In early June 2019, as an important measure to promote the mixed reform of state -owned enterprises, the State -owned Assets Supervision and Administration Commission of the State Council issued a list of authority authorized decentralization (2019 edition).This list incorporates the mixed reform plan and equity incentive plan of the central enterprise into the scope of authorization and decentralization list, and supports enterprises affiliated with central enterprises in accordance with market -oriented vocational managers.

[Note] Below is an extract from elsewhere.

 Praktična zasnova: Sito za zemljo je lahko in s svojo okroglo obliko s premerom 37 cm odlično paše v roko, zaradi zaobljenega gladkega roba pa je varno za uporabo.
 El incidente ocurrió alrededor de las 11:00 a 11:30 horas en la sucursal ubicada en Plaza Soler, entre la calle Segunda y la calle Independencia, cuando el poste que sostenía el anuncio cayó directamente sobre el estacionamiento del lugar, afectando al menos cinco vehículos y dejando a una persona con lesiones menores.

The salary of the corresponding subsidiaries is determined by the corresponding subsidiaries.

Although this is only the authorization and decentralization of the State -owned Assets Supervision Commission to its direct state -owned enterprise, it is essentially to return part of the board of directors that originally belonging to the shareholders and its entrustment to the shareholders and its board of directors.Therefore, I tend to understand the issuance of the list as the opening of the return of the power of state -owned enterprise reform.It is undoubtedly a positive significance for promoting a new round of state -owned enterprise mixed reform.So why do we say that the listing of the list has opened the road to the return of state -owned enterprise reform to a certain extent?

First of all, the return of the power of shareholders behind authorization to decentralization highlights the principle of matching the responsibility of the modern enterprise system.The reason why an investor is willing to save his own food and shrink food is to invest in a strange company of the manager who is not familiar with Pharaoh, because the company made the investor to the investor to become the shareholder and enjoy the owner's equity to the owner's equity.The solemn commitment.According to the 2016 Nobel Prize winner, Professor Hart of Harvard Hart, as an owner, shareholders have the right to make a final decision on the form of collective voting of major issues such as asset reorganization and strategic adjustment, but on the other hand, they needThe amount is limited to the limited liability for the wrong decision.The former is called the surplus control, and the latter is called the remaining claiming right.

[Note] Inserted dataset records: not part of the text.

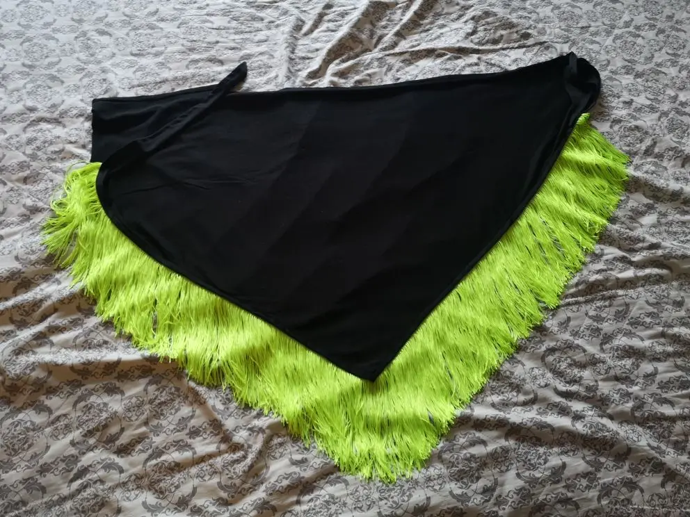 Женское платье для латиноамериканских танцев, с бахромой и треугольной юбкой, черная юбка для тренировок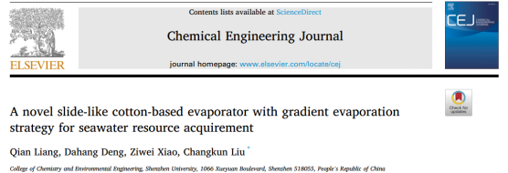 题为“A novel slide-like cotton-based evaporator with gradient evaporation strategy for seawater resource acquirement”的研究论文,芒果体育硕士研究生梁倩为第一作者,副教授刘长坤为通讯作者,芒果体育为第一作者单位和唯一通讯单位。该论文发表于国际著名期刊 Chemical Engineering Journal(中科院大类1区,影响因子13.3(接收发表日))。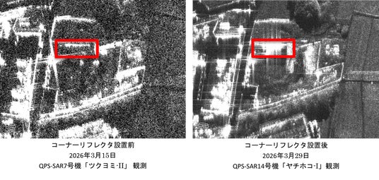 リフレクタの設置工事後、複数の衛星による観測機会がある中、2026年3月29日5時52分(日本時間)に商用稼働中のQPS-SAR14号機「ヤチホコ-I」がNITTOCテストフィールドの観測を実施。得られたSAR画像において、コーナーリフレクタの位置、状況(画像の赤で囲った箇所)を確認することができました。

The reason why shareholders can have a final decision on major issues is obviously because their capital contribution can participate in themselves and may make corresponding responsibilities.The matching of power and responsibility has become the basic principles that need to be followed by the domestic production right arrangement of the modern enterprise system, and the authority of the shareholders to become the company's governance in the company's company is the implementation and manifestation of this principle.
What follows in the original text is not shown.